= Henri George Doll =

French-America scientist (1902–1991)

Henri George Doll (13 August 1902 in Paris - 25 July 1991 in Montfort-l'Amaury, France) was a French-American geologist.

==Biography==
Doll was a leading figure in the development of oil-well logging and a key technical leader of the Schlumberger oilfield services company. A graduate of the École Polytechnique and École des Mines, he married Anne Gruner Schlumberger, daughter of one of the Schlumberger brothers (Conrad Schlumberger), and joined their company.

His contributions include the induction-logging technique, and during World War II he led the development of the jeep-borne mine detector. He received a Certificate of Appreciation from the United States government, and was made an officer of the Légion d'honneur.

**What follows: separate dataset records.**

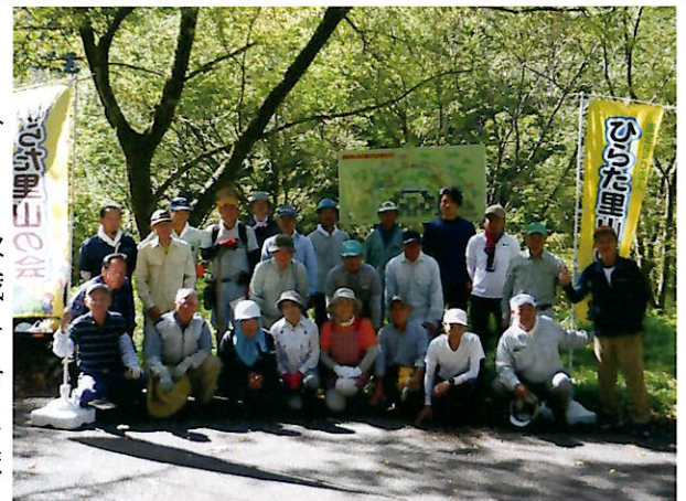
▲猛暑の中、頑張りました！

ボランティア参加者は27人は、遊歩道の草刈りと枝切り、水汲みの滝前の雑木を伐採、経ヶ藏山登山道入口の草刈りの3グループに分かれて作業しました。今回の整備で水汲み滝に下ることが容易になり、滝の落ち口まで見通しも良くなりました。
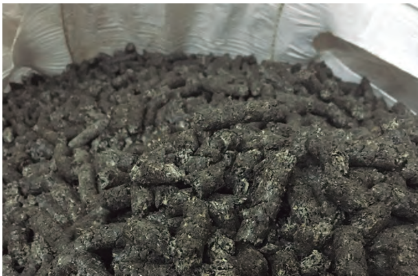
TORTA QUE SE APROVECHA PARA ALIMENTACIÓN ANIMAL TRAS LA EXTRACCIÓN DE ACEITE.
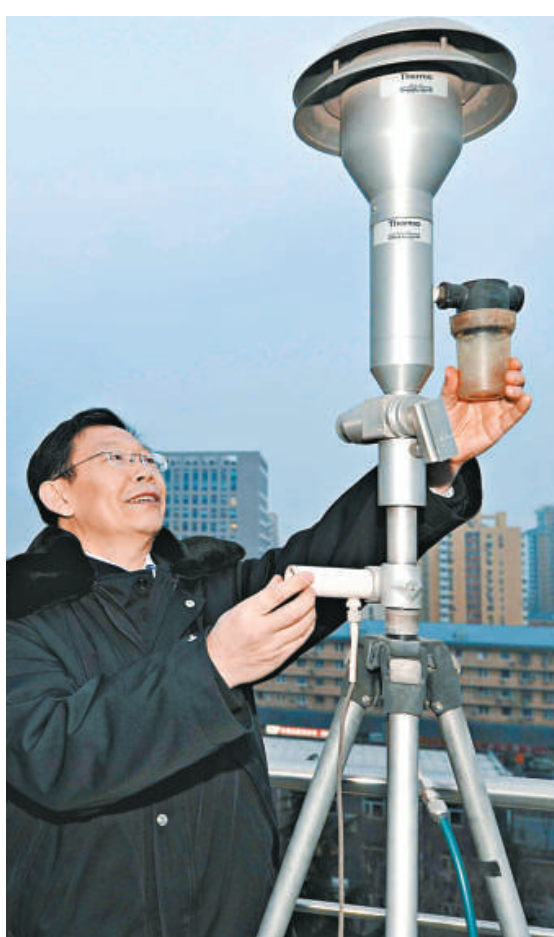
▲北京環境保護監測中心工作人員在調整PM2.5 監測設備

【本報訊】在社會輿論的「千呼萬喚」下，北京的PM2.5監測數據21日終於向社會公布。
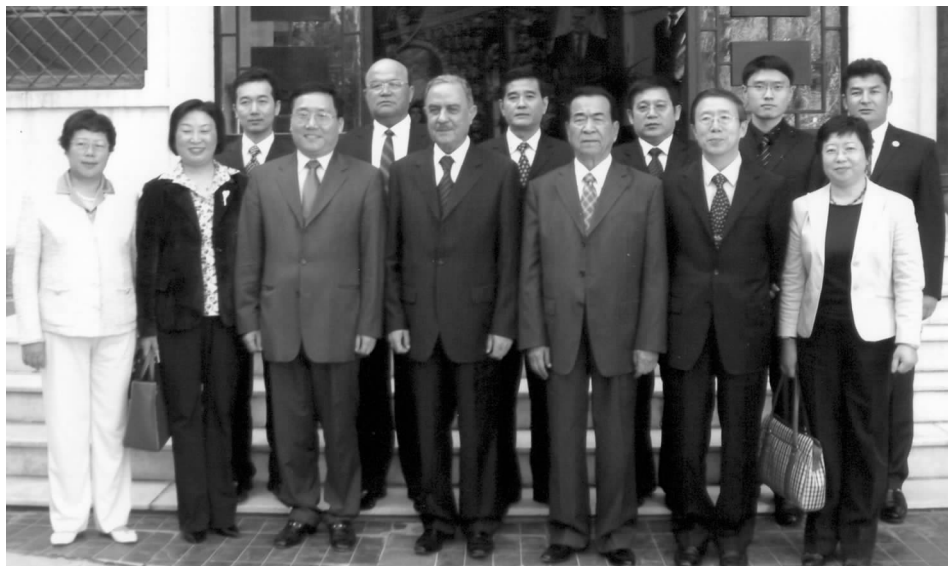
叙中友协主席穆罕默德·布希坦会见中方代表团部分成员

木卡姆是中华民族文艺百花园中的一朵奇葩,是中华民族灿烂文化宝库中的艺术瑰宝,是世界文化艺术发展史上不可多得的大型文艺百科全书。2005年11月25日,中国新疆维吾尔木卡姆艺术被联合国教科文组织正式批准为“人类口头与非物质文化遗产代表作”。由此,木卡姆以其完美的艺术结构和独特的艺术魅力日益受到世界的关注。□
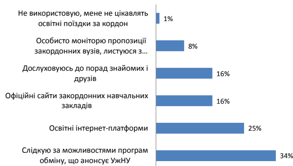
Рис. 2. Розподіл відповідей на запитання анкети «Які джерела інформації щодо можливостей академічної мобільності ви використовуєте?»

Відповіді на запитання «Які фактори під час вибору країни для навчання найбільш
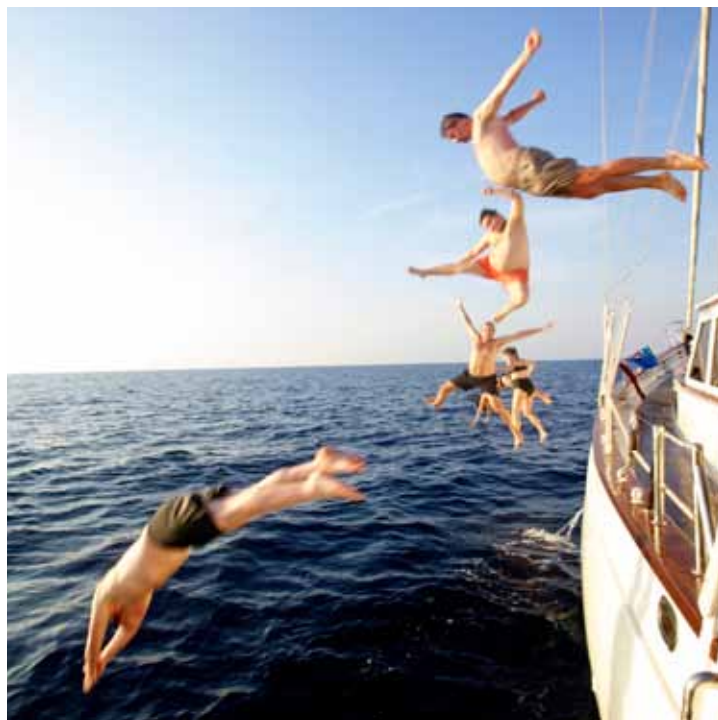
航海旅行最忌的就是船上生活沉闷,单是游泳一件事,就被玩出了很多花样

船主也不会把船租给你的。目前在中国类似的生意很少,而在泰国有很多。你必须知道你想干嘛,是想租一条小船还是想租条大船。你必须很懂船。在船上的人就算是一个团队了,你们必须互相信任。某种意义上来说,牵头的那个人就是船长了。比如这次我们12个人去泰国和缅甸,因为租的是一条26米长的大船,船上很多硬件和工具我们没有用过,这样请一位老师随行就是必要的。我们租船的时候就跟船主提出,船由我们自己开,但要租一位老师随行。一旦出现错误或者问题就可以及时请教老师。船主本人就是老师,他跟我们完成了两个星期的海上之旅。
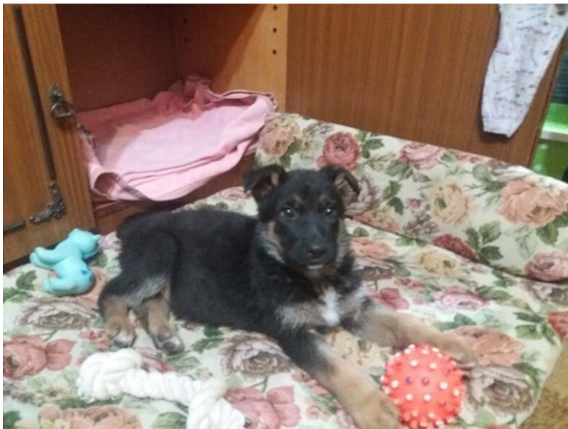
Кейси 2 месяца

Вторая проблема – при Тигре не было маленьких детей. Щенок передвигался по всей квартире беспрепятственно.
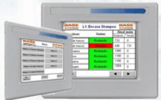
INTERFACE DE OPERAÇÃO

Upon his retirement in 1967, the Schlumberger Well Surveying Corporation's research laboratory in Ridgefield, Connecticut, was renamed the Schlumberger-Doll Research Center in his honor. The Schlumberger-Doll Research Center was relocated to Cambridge, Massachusetts, in 2006. (Schlumberger-Doll Research Center, Schlumberger)

Doll came to the United States in 1941 and became an American citizen in 1962. His marriage with Annette Schlumberger ended in divorce. His second wife was the ballerina Eugenia Delarova, who was once married to the choreographer Léonide Massine.